---
title: "Faceted Semantic Search: Combining Filters with Vector Similarity"
description: "Learn how to combine metadata filters with vector similarity search, comparing pre-filter and post-filter strategies, designing filterable metadata schemas, and building a responsive faceted search UI."
canonical: https://callsphere.ai/blog/faceted-semantic-search-combining-filters-vector-similarity
category: "Learn Agentic AI"
tags: ["Faceted Search", "Vector Search", "Metadata Filtering", "Search UX", "Information Retrieval"]
author: "CallSphere Team"
published: 2026-03-17T00:00:00.000Z
updated: 2026-05-07T12:03:33.725Z
---

# Faceted Semantic Search: Combining Filters with Vector Similarity

> Learn how to combine metadata filters with vector similarity search, comparing pre-filter and post-filter strategies, designing filterable metadata schemas, and building a responsive faceted search UI.

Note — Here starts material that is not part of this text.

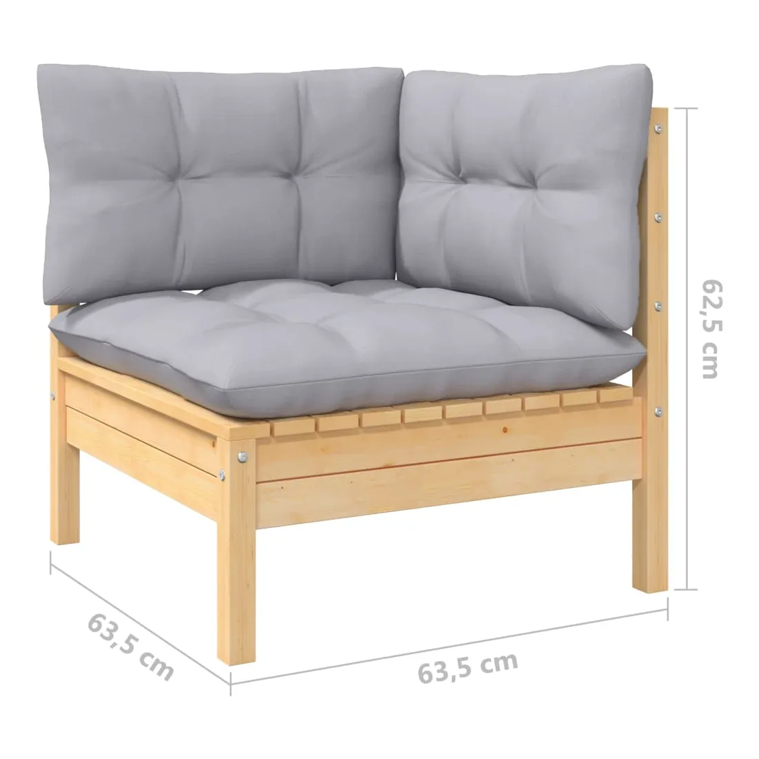 - Dimensions du canapé d'angle : 63,5 x 63,5 x 62,5 cm (l x P x H)

## The Need for Faceted Semantic Search

Pure vector search returns the most semantically similar results, but users often need to narrow results by structured attributes — show me articles about machine learning published this year, in English, from peer-reviewed journals. Faceted search combines the power of semantic similarity with precise metadata filtering, giving users both relevance and control.

The key design decision is whether to apply filters before or after the vector search. Each approach has meaningful tradeoffs for accuracy and performance.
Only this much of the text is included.